> [Provided data]
= Beginning of Section =
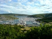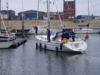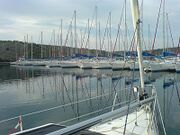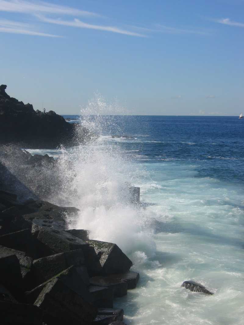Seewind: Tagsüber erzeugt das aufgehitzte Land aufsteigende Luft und damit ein thermisches Tief in Bodennähe. Die aufsteigende Luft bildet häufig Cumulus-Bewölkung. (Erstellt mit Inkscape für SkipperGuide)
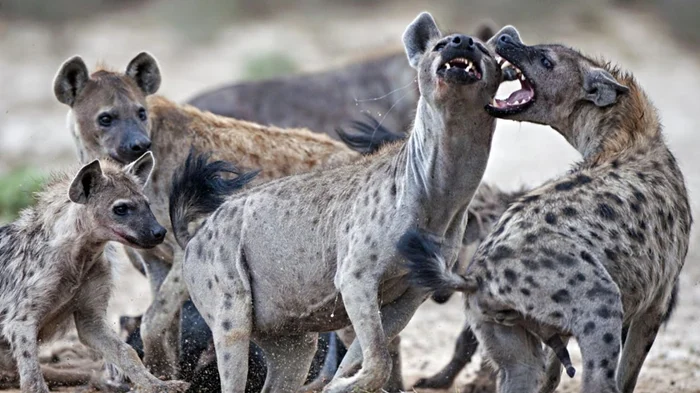 Из-за такой сплоченности стычки внутри стаи гиен происходят крайне редко. Проще уйти и основать свою стаю, чем пытаться выбить место под солнцем в родной.
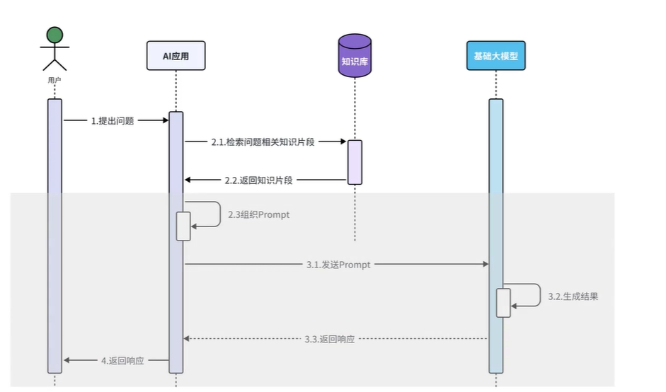 当用户把问题发送给AI应用,AI应用会先根据用户的问题从知识库中检索对应的知识片段,得到知识片段后AI应用需要结合用户的问题以及知识库中检索到的知识片段组织要发送给大模型的消息,大模型接收到消息后会同时根据用户的问题、知识库检索到的知识片段以及自身的知识储备,生成对应的结果响应给AI应用,最终再返回给用户。
= End of Section =
> [Exercise requirements]
Drop the images and return the data verbatim.

> [Reply to the task]
Seewind: Tagsüber erzeugt das aufgehitzte Land aufsteigende Luft und damit ein thermisches Tief in Bodennähe. Die aufsteigende Luft bildet häufig Cumulus-Bewölkung. (Erstellt mit Inkscape für SkipperGuide)
 Из-за такой сплоченности стычки внутри стаи гиен происходят крайне редко. Проще уйти и основать свою стаю, чем пытаться выбить место под солнцем в родной.
 当用户把问题发送给AI应用,AI应用会先根据用户的问题从知识库中检索对应的知识片段,得到知识片段后AI应用需要结合用户的问题以及知识库中检索到的知识片段组织要发送给大模型的消息,大模型接收到消息后会同时根据用户的问题、知识库检索到的知识片段以及自身的知识储备,生成对应的结果响应给AI应用,最终再返回给用户。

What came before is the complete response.